- Opening of the hematological arm of the CAR-T NKR-2 THINK trial with first Multiple Myeloma patient.
- No toxic events reported in patients enrolled in the solid arm of the study so far.
Mont-Saint-Guibert, Belgium – Celyad (Euronext Brussels and Paris, and NASDAQ: CYAD), a leader in the discovery and development of engineered cell-based therapies, today announced a further step in the CAR-T NKR-2 THINK trial with the registration of a first refractory Multiple Myeloma patient. This patient is expected to receive the first dose-level (3×108 CAR-T NKR-2 cells) in the coming weeks, opening the first cohort of the hematological arm of the study.

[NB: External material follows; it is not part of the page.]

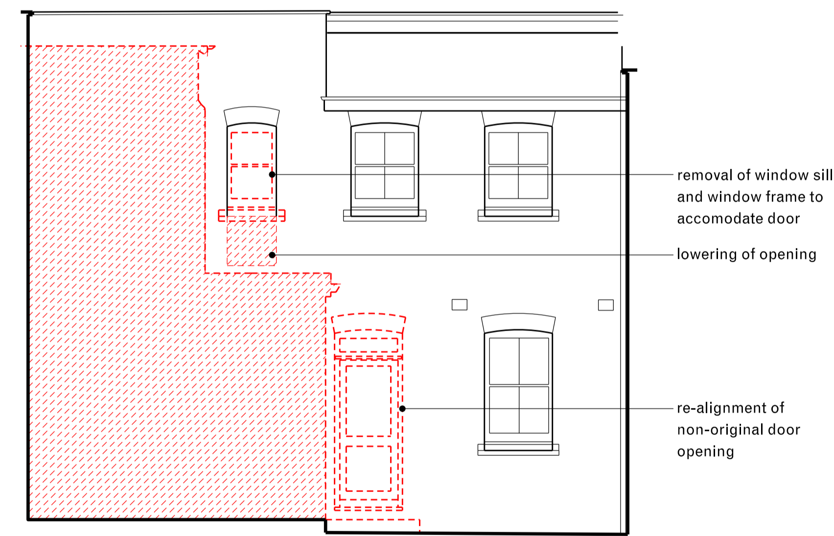
03 East elevation Scale 1:50

“Following the registration of three patients in solid indications, the THINK trial is now following on from our previous NKR-2 Phase I trial which demonstrated the safety and signs of efficacy of CAR-T NKR-2 cells in cancer patients suffering from hematological cancers,” said Christian Homsy, CEO of Celyad. “We now look forward to enrolling patients suffering from AML or MM into the hematological arm of THINK and we hope that the related results will be as encouraging as they have been so far with lower dose levels.”

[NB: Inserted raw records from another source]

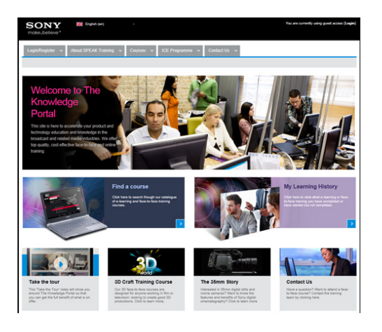
Fig. 4. Working with SONY Knowledge Portal

Another example of knowledge portal is depicted in Fig. 4 (available at [20]). The goal of its solution is to convince to company products as well as to offer complete courses devoted to accelerate user skills.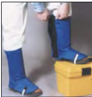
TT5925VC 15" Leggings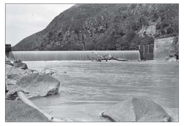
Weir in Karangahake Gorge that supplied water power to the Talisman Battery.

“Multiple Myeloma causes approximately 10% of all hematologic malignancies, and while efficient treatments are available, most patients will eventually relapse. Celyad has generated breakthrough preclinical data in murine models, leading to 100% long-term survival. The enrollment of a first refractory Multiple Myeloma patient demonstrates the consistency of our clinical approach and highlights the unique ability of our CAR-T NKR-2 technology to target both solid and hematological malignancies” remarked Dr. Frédéric Lehmann, VP Clinical Development and Medical Affairs at Celyad.